The Scope definition should include documentation on why you are doing the project, regardless of the size of your organisation or project. You should define the resources that you will provide and those provided by your main supplier, or other third parties. The responsibilities for each step of the process should be clear, and of course include costs. The costs should not only include those quoted by the supplier, but also your internal costs of 1. Freeing up resources involved in the project and 2. Back filling the normal responsibilities of those involved. These should be shown for each stage, so the total cost of the project can be tracked.
These include business mapping and business process design as it’s important to understand what parts of the software you are going to use and how it’s to be configured. Modern software is very configurable, so you need to ensure that you are using it in a way that gives you the maximum benefit and return.
You should know who builds it and how they will be trained, to ensure that everything that needs to be done actually gets done.
The steps of the methodology help identify who has responsibility, but there can be flexibility in the order as they don’t have to happen sequentially. It’s dependant on the conditions surrounding the project, but employing the steps ensures that activities and resources are ring-fenced and you know who is responsible.

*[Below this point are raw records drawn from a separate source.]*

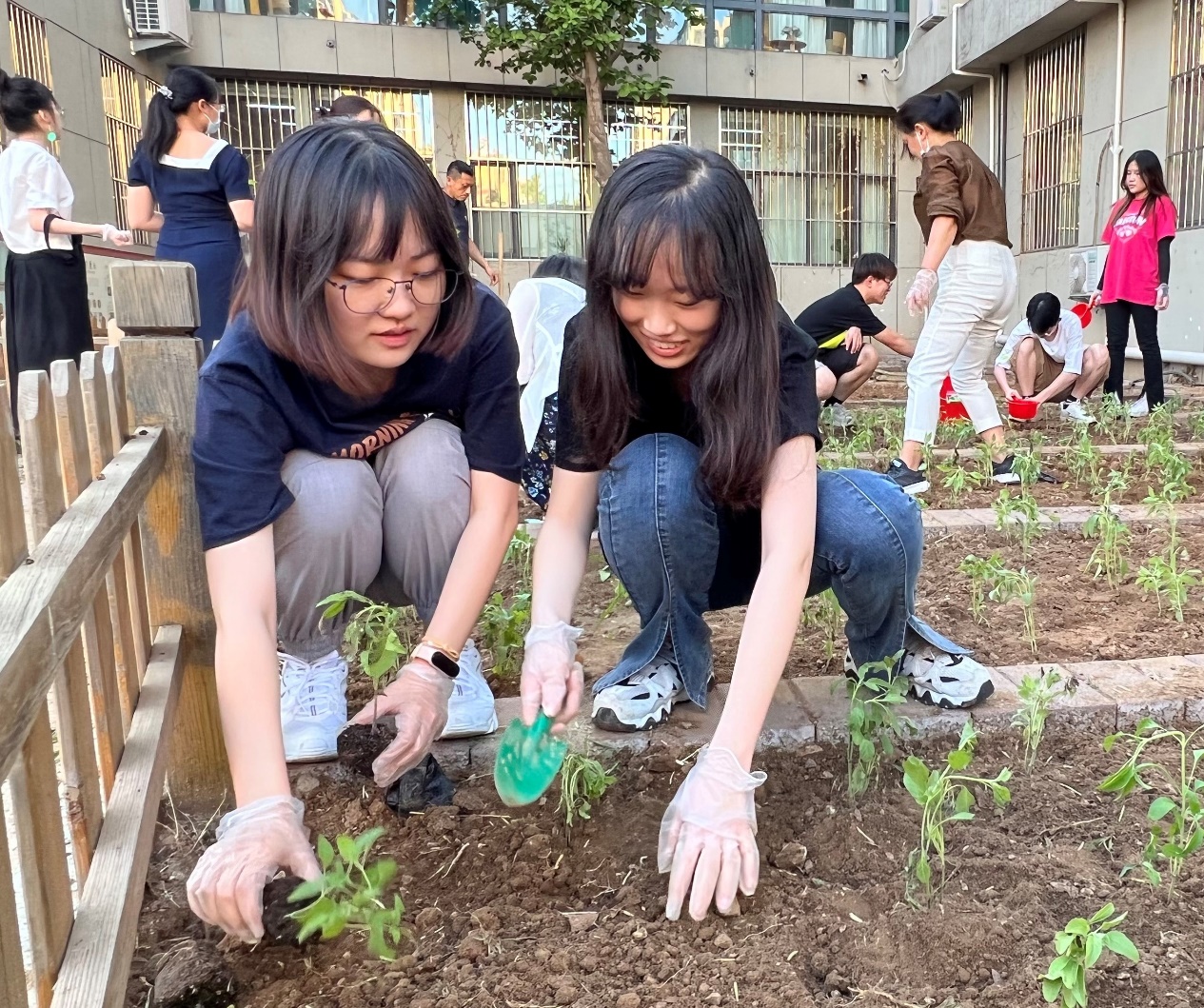 5月24日、27日、30日下午,新闻学党支部、学院机关广电党支部党员及教职工,与学院“一委三会一中心”(团委、学生会、研究生会、权益委员会、创新创业中心)的学生骨干、2022届毕业生代表一起,在生命南楼前的小菜园开展了“绿色种植”系列活动。在前期与后勤保障部党委共建打造“新心向荣”小菜园三全育人实践基地的基础上;以支部党建引领劳动教育,继续拓展“小菜园”与非遗文化相结合,打造药食同源“百草园”;助推劳动育人,凝聚育人合力。学院党委副书记王丽君、组织员王智洁与学院教工党支部、学生党支部的支部书记、委员及部分党员和毕业班同学参加了劳动。
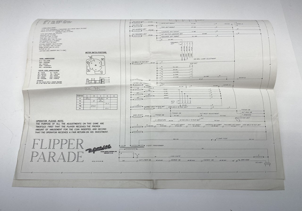 Original Gottlieb Flipper Parade pinball machine schematic/wiring diagram from 1961.
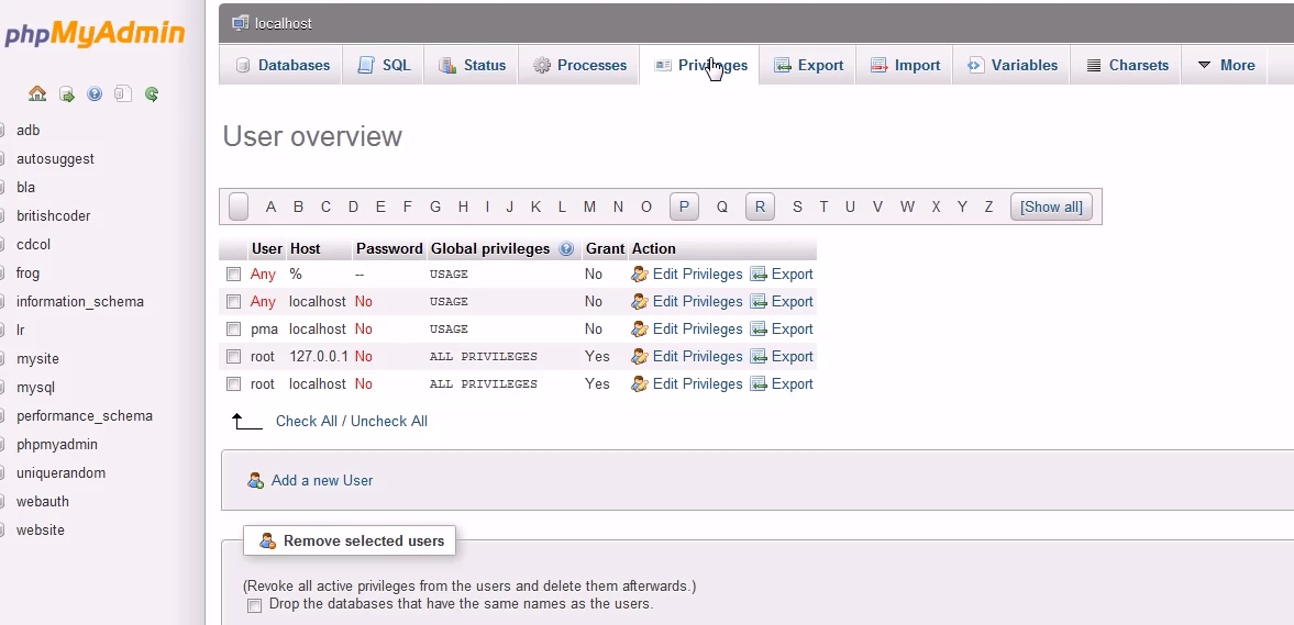 access the "Privilages" operation because it doesn't exist as an option along the top. Hence, I can't find out how to access my "User overview" User, Host, Password,

As we get closer to live operation, which is seen as the ultimate goal, we are gearing up to using the software, ensuring users are more confident, ensuring processes work, migrating the data and validating the solution.
You can’t just choose the software and start using it. You need to configure, train the users, migrate your data and then test the solution. You need to ensure the software you are using is doing the job that you expect it to do.
In the end, the step that refers to live operation should be of little consequence as a result of your preparation, but as a step, it’s important that it’s still ring-fenced and ultimately signed off, as that means that to all intents and purposes the project is complete.
Post implementation review
At the end of the process, you need to review what benefits have been achieved and articulate these back to the management team as sometimes in the maelstrom of the implementation process, these can get forgotten about.